* DATA EXCERPT *
*****

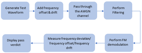 helperModulationTestFilterDesign— Design channel filterhelperBRModulationTestMeasurements— Measure frequency deviation, carrier frequency offset and drifthelperModulationCharacteristicsTest— Perform modulation characteristics testhelperBRModulationTestVerdict— Validate test measurement values and displays the result
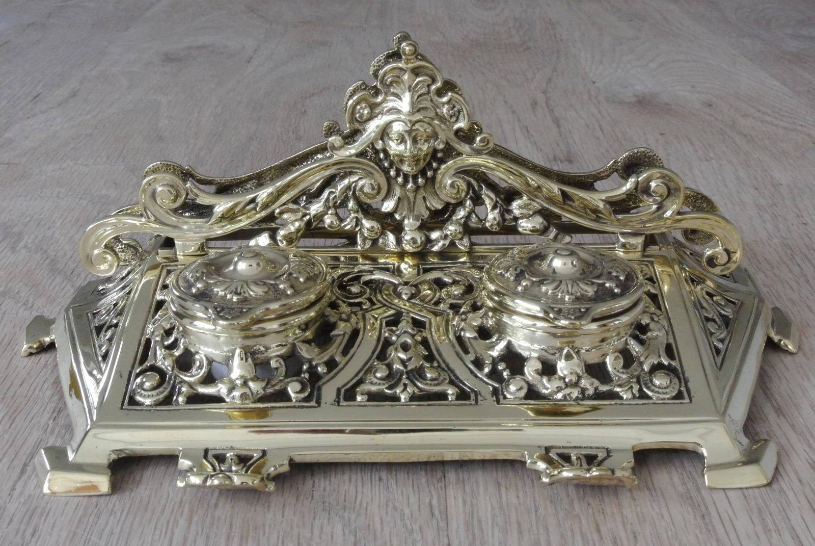 Fine Victorian William Tonks Brass Inkstand & Letter Rack Brass Inkwell c.1900
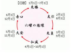 上記が六曜の読み方と順番です。 旧暦の毎月1日の六曜が決まっているので 月末から月始にかけて順番が飛ぶこともあります。
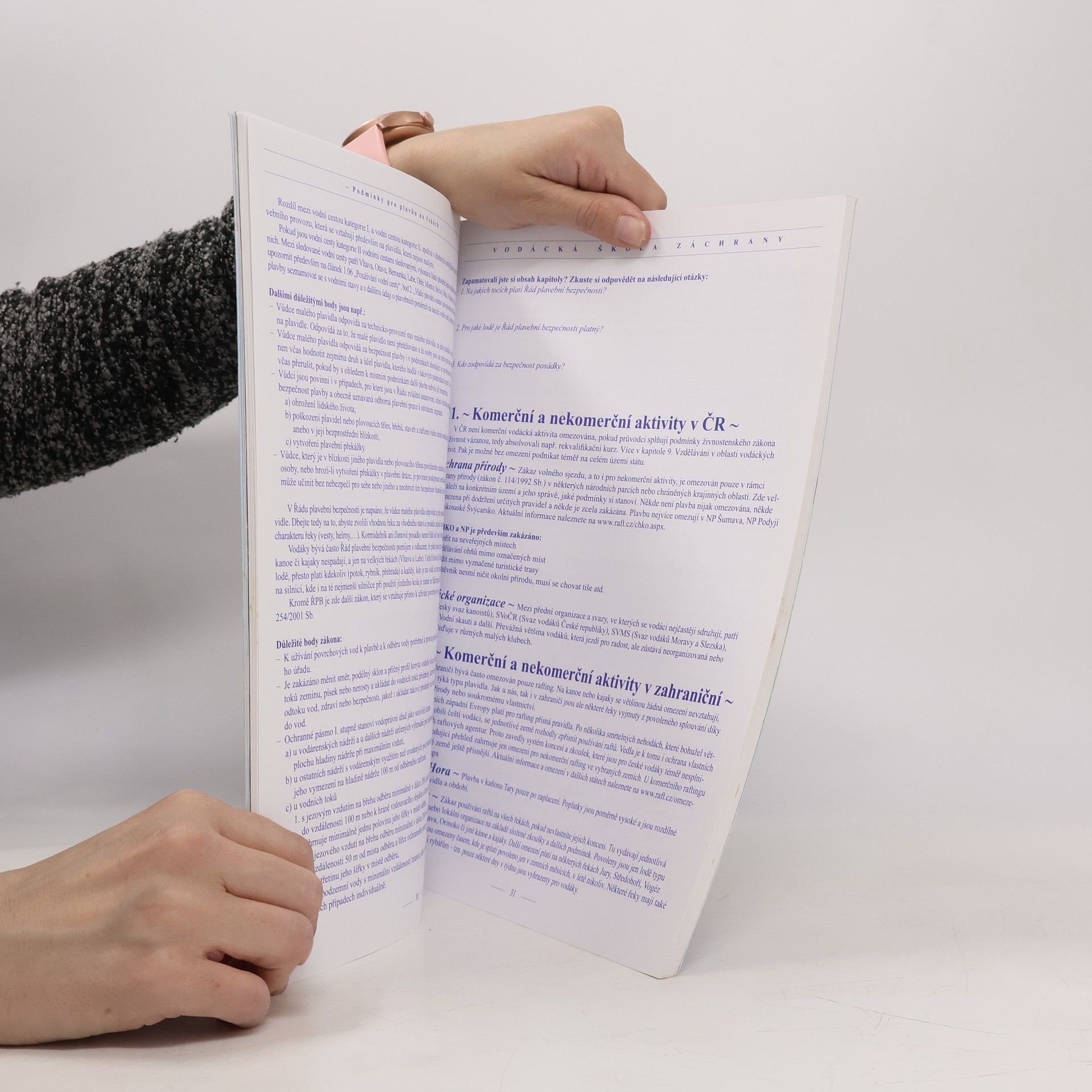 Vodácká příručka pro začátečníky i pokročilé. Mezi hlavní témata patří kromě vybavení také záchranné prostředky, sebezáchrana, záchrana ostatních i materiálu a to pomocí různých typů plavidel nebo prostředků, první pomoc, uzlování, rozpoznání nebezpečného jezu, výběr vhodné řeky, skupinový sjezd a mnoho dalších kapitol a praktických rad. Mezi úplné novinky patří i kapitola psychologie pro vedoucí, stres a stresové situace. Jednotlivé kapitoly jsou doplňovány skutečnými příběhy, aby si čtenář mohl uvědomit rizika vyplývající z podcenění některých situací.

*****

* ACTION ITEM *
Please output exactly the lines of the data above, from its first line through the line with "上記が六曜の読み方と順番です。 旧暦の毎月1日の六曜が決まっているので 月末から月始にかけて順番が飛ぶこともあります。", and nothing else; drop the pictures.

* RESPONSE *
 helperModulationTestFilterDesign— Design channel filterhelperBRModulationTestMeasurements— Measure frequency deviation, carrier frequency offset and drifthelperModulationCharacteristicsTest— Perform modulation characteristics testhelperBRModulationTestVerdict— Validate test measurement values and displays the result
 Fine Victorian William Tonks Brass Inkstand & Letter Rack Brass Inkwell c.1900
 上記が六曜の読み方と順番です。 旧暦の毎月1日の六曜が決まっているので 月末から月始にかけて順番が飛ぶこともあります。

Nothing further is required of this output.